In particular, the social networking Facebook played a significant role in informing the Burmese public about what happened in Thuwwana, allowing people to express their feelings about the disgraceful occurrence.

“I think they [the Burmese fans] might not understand or be civilized enough to accept failure. It reflects the manner of the country’s leaders, who have practiced violence for decades,” one person posted online.

This remark shines a spotlight on the ignorance, impoliteness and aggressiveness that have been a fixture of Burmese life for decades, with the example being set by the ruthless military leaders who have controlled society through intimidation and terror, and their business cronies who have run corrupt operations without ethical principles.

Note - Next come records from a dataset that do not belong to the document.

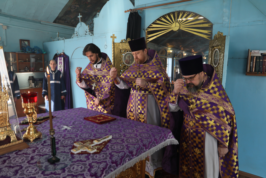 Его Преосвященству сослужили благочинный приходов Новошахтинского округа протоиерей Роман Амплеев, настоятель храма протоиерей Василий Хадыкин, иерей Михаил Дубянский и диакон Трофим Осяк.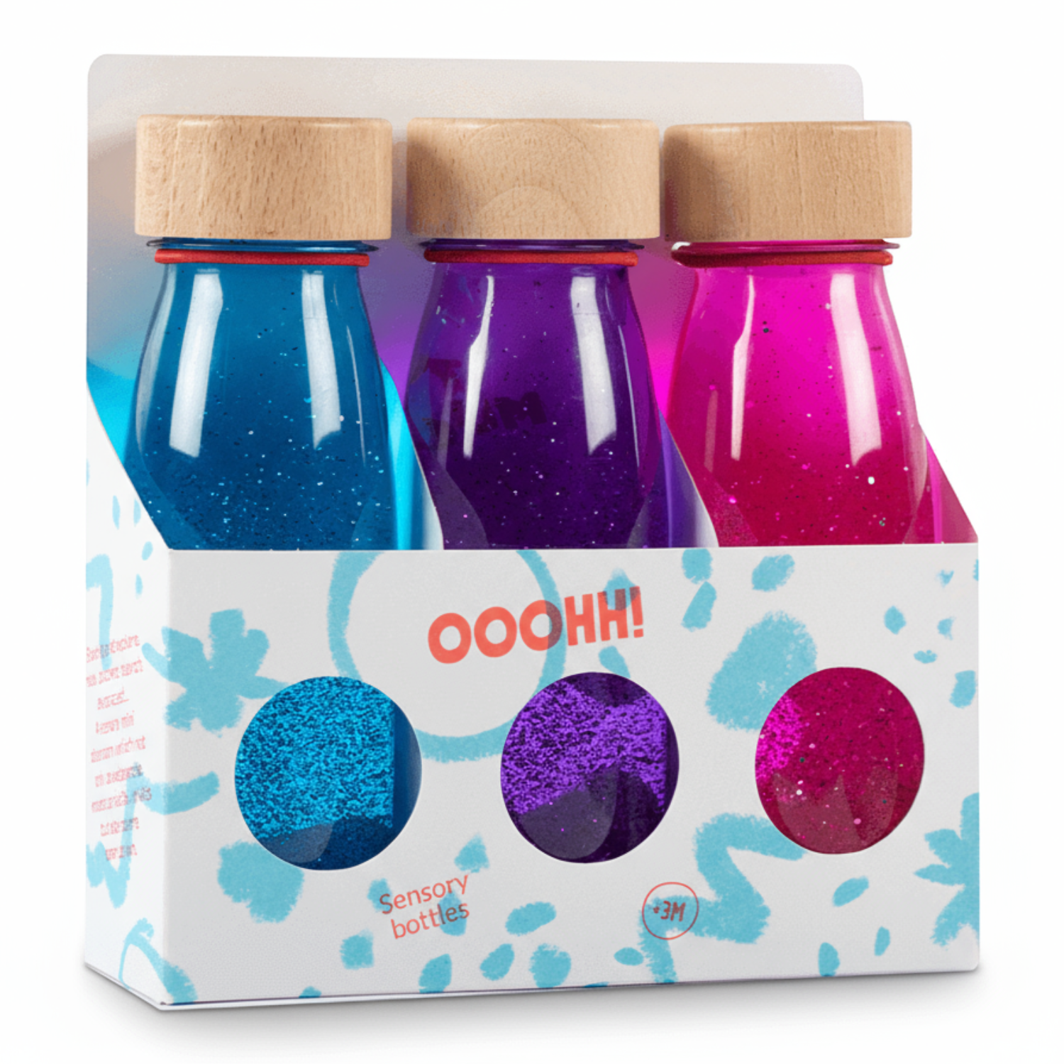 Zestaw składa się z 3 butelek sensorycznych: Float - Niebieskiej, Różowej oraz Fioletowej.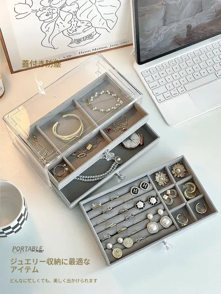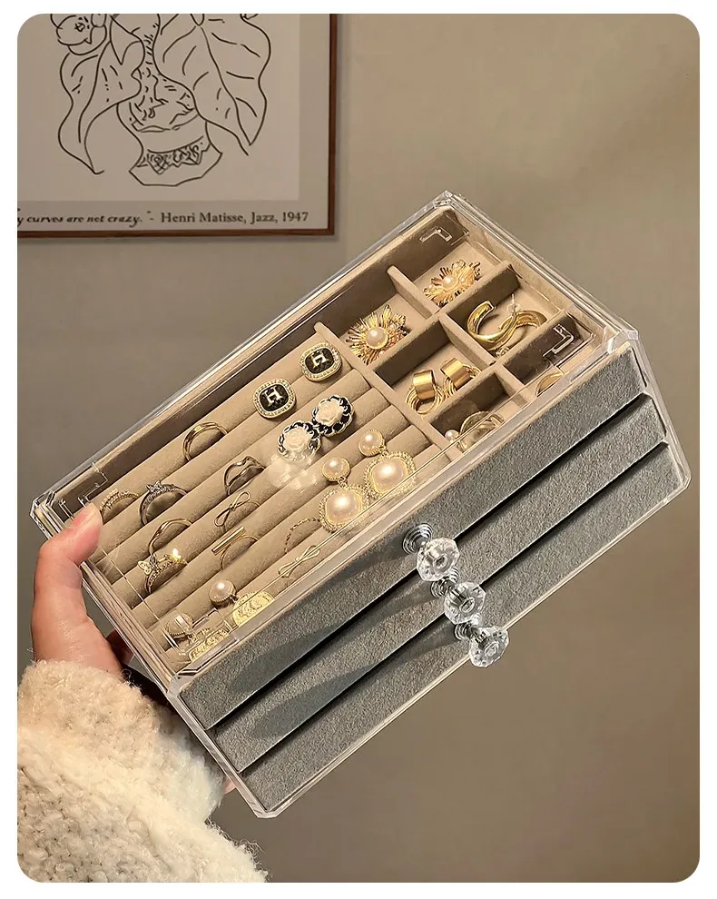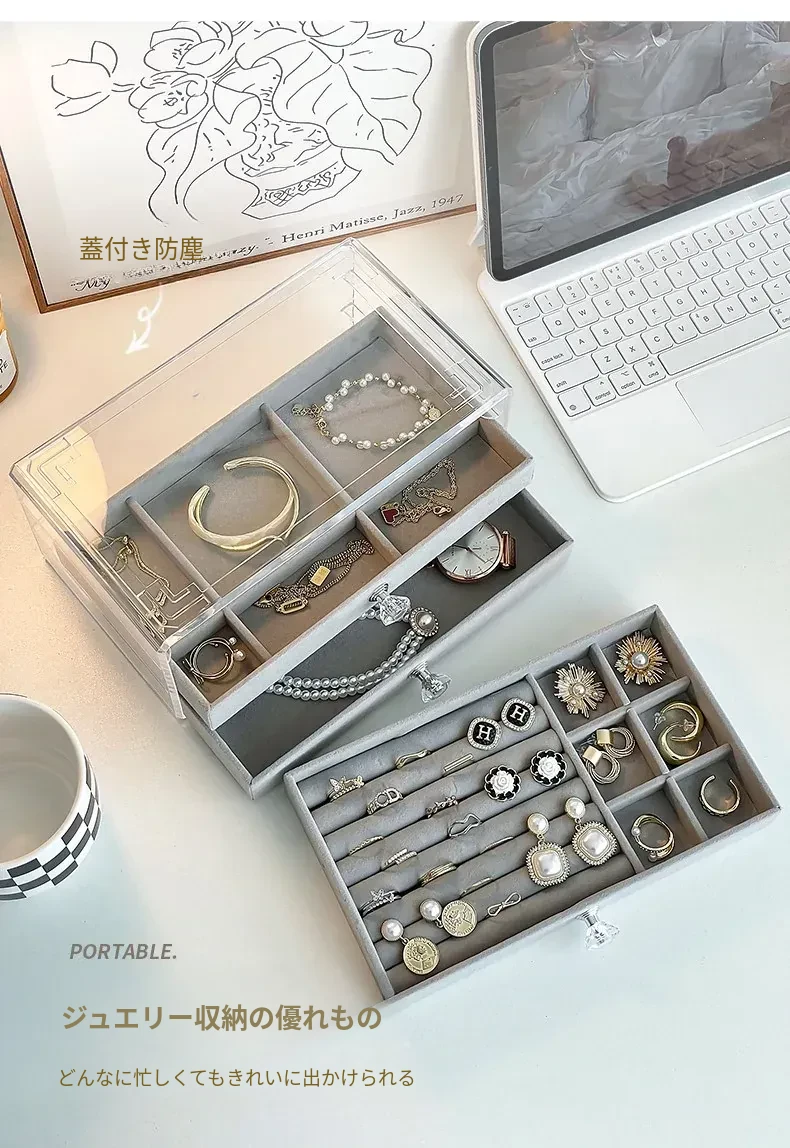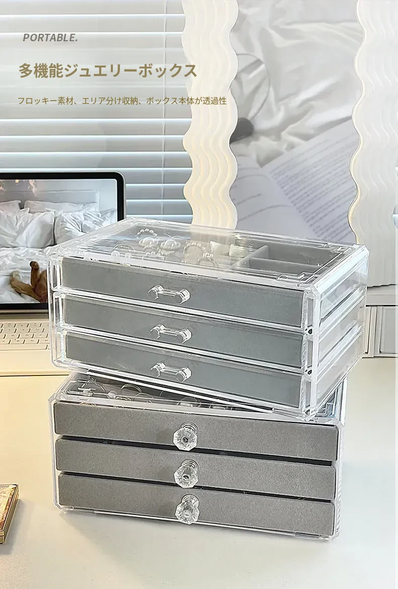 酸化防止!おしゃれなアクリル製イヤリング収納ボックス - ネックレスやピアス、ブレスレットを整理できる分格デザイン。美しいネイルアクセサリーもすっきり収納!あなたのジュエリーを守る最適なアイテムです。

In fact, the release of anger and aggression by fans may have been just what former junta leader Snr-Gen Than Shwe intended when he decided to pump up the sport of football in Burma. According to leaked US diplomatic notes from June 2009, Than Shwe ordered a group of cronies and businessmen to found—and fund— professional football teams, possibly to distract attention from the country’s political and economic problems.The cable revealed that in January 2009, selected Burmese business persons were told that Than Shwe had chosen them to be the owners of the new professional football teams. The informant, a top executive at one of the sponsor companies, said the owners were responsible for paying all costs, including team salaries, housing and transportation, uniform costs and advertising for the new league. In addition, the owners were required to build new stadiums in their respective regions by 2011, at an estimated cost of US $1 million per stadium.

Burma is certainly not the first country to be embarrassed by its sports fans. Just like in other football-crazy countries, in Burma there is a very thin line between arousal of nationalistic passions and violence, and after Thursday’s debacle, we know for certain that football hooliganism is not an exclusively “English Disease.”

After almost half a century of military rule, Burma is 167th—three places below Afghanistan—in the FIFA world football rankings. If we want to improve both our rankings and our tarnished image, everyone will have to participate—from the top down.